Labuan Bajo Hasilkan 4.836 Ton Sampah Pangan per Tahun
Kajian WRI Indonesia dan Garda Pangan mencatat Labuan Bajo menghasilkan sekitar 4.836 ton sisa pangan setiap tahun dengan kontribusi terbesar dari sektor nonrumah tangga.
Oleh Asyinta Sastra
Editor: Mursyid Sonsang
· 4 menit baca
Labuan Bajo — Labuan Bajo menghasilkan sekitar 4.836 ton sisa pangan dan sampah makanan setiap tahun. Angka ini berasal dari kajian WRI Indonesia bersama Garda Pangan dalam Program Urban Futures yang diseminasi pada 2026 dan dikutip sejumlah laporan, termasuk tulisan Said Abdullah di Ekorantt.com dan riset yang terbit di jurnal Frontiers in Sustainability.

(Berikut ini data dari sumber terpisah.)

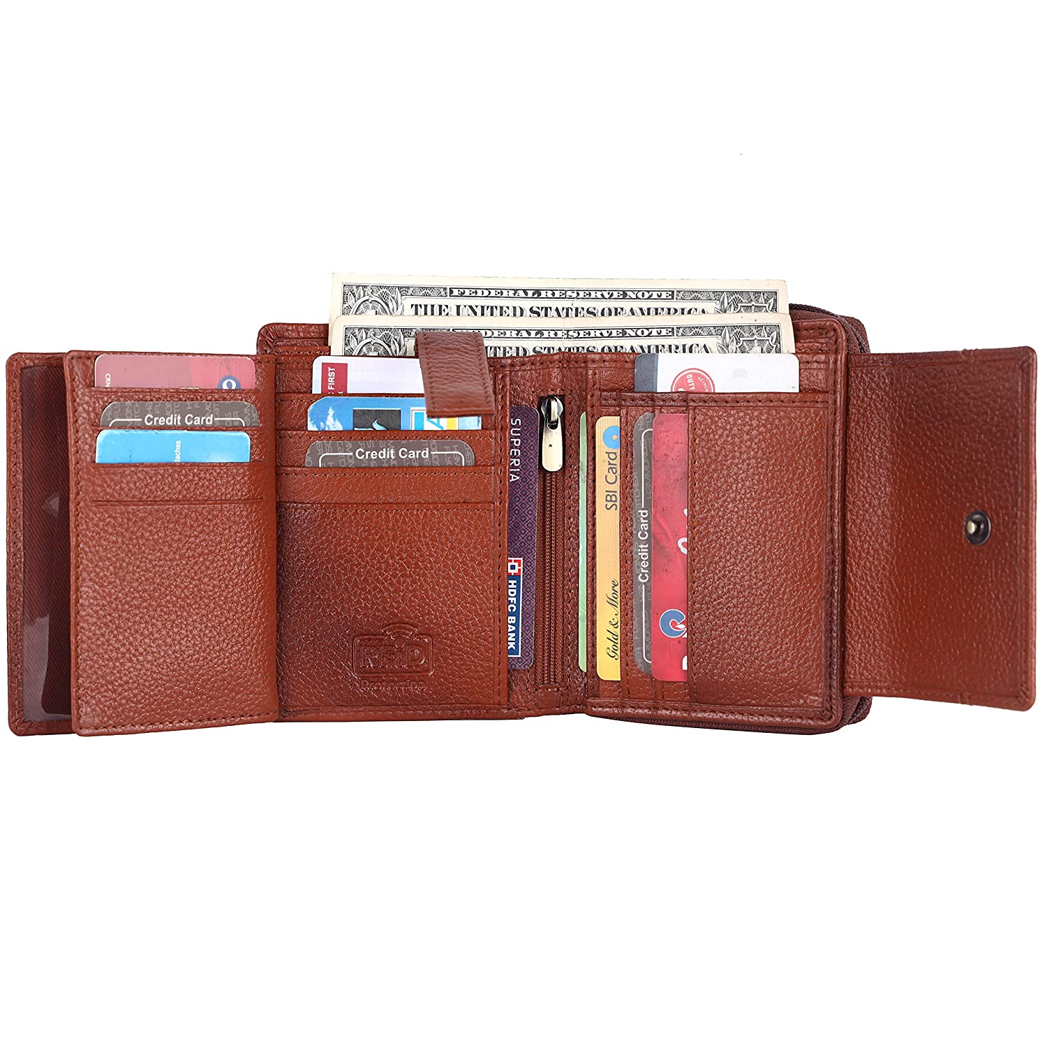 • PLENTY OF ROOM : The ladies purse leather has 14 slots easily load your driver's license, credit cards, debit cards and membership cards, making your work and travel more convenient.; FEATURES OF LADIES PURSE LEATHER: This Women Purse has 14 Cards Slots | RFID Protection | 3 ID Slots | 2 Currency Compartments | 2 Zipper Pockets | 1 Coin's Pocket | 2 Hidden Slots | Button Closure | Metal Logo
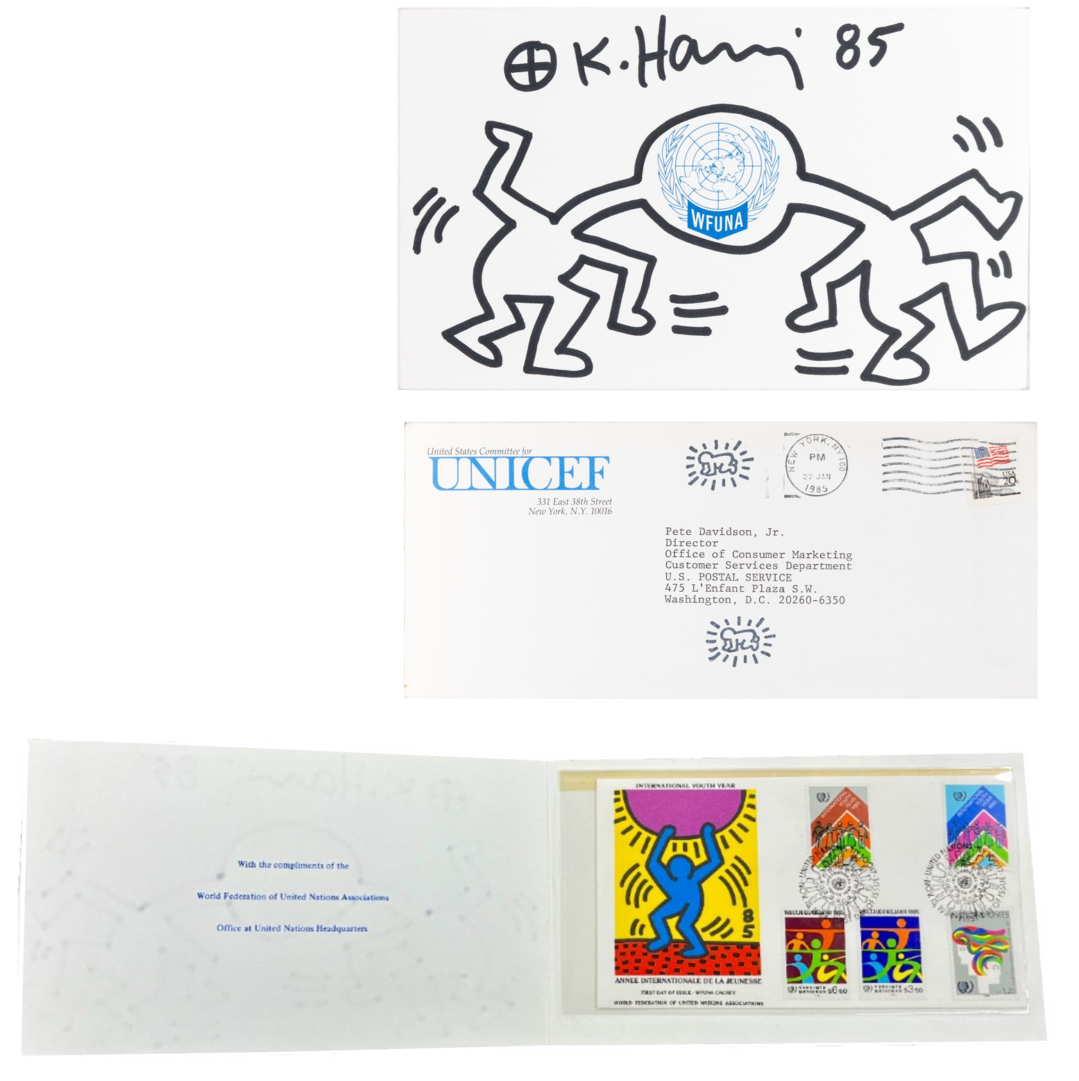 Drawing/Signed/Dated on United Nations foldout WFUNA card with attached stamped/postmarked envelope,

Menurut kajian tersebut, lebih dari separuh timbulan sampah pangan Labuan Bajo atau sekitar 51 persen bersumber dari sektor nonrumah tangga, seperti hotel, restoran, kafe, pasar, dan kapal wisata. Porsi ini sedikit lebih besar dibanding limbah pangan dari rumah tangga.
Temuan itu memperlihatkan ironi di daerah wisata yang sekaligus menghadapi tantangan produksi dan akses pangan. Di satu sisi, pelaku usaha menyajikan makanan untuk wisatawan dan warga kota. Di sisi lain, sebagian pangan yang telah melewati rantai produksi dan distribusi berakhir sebagai sampah, padahal petani dan sebagian rumah tangga masih berjuang memenuhi kebutuhan pangan dan gizi.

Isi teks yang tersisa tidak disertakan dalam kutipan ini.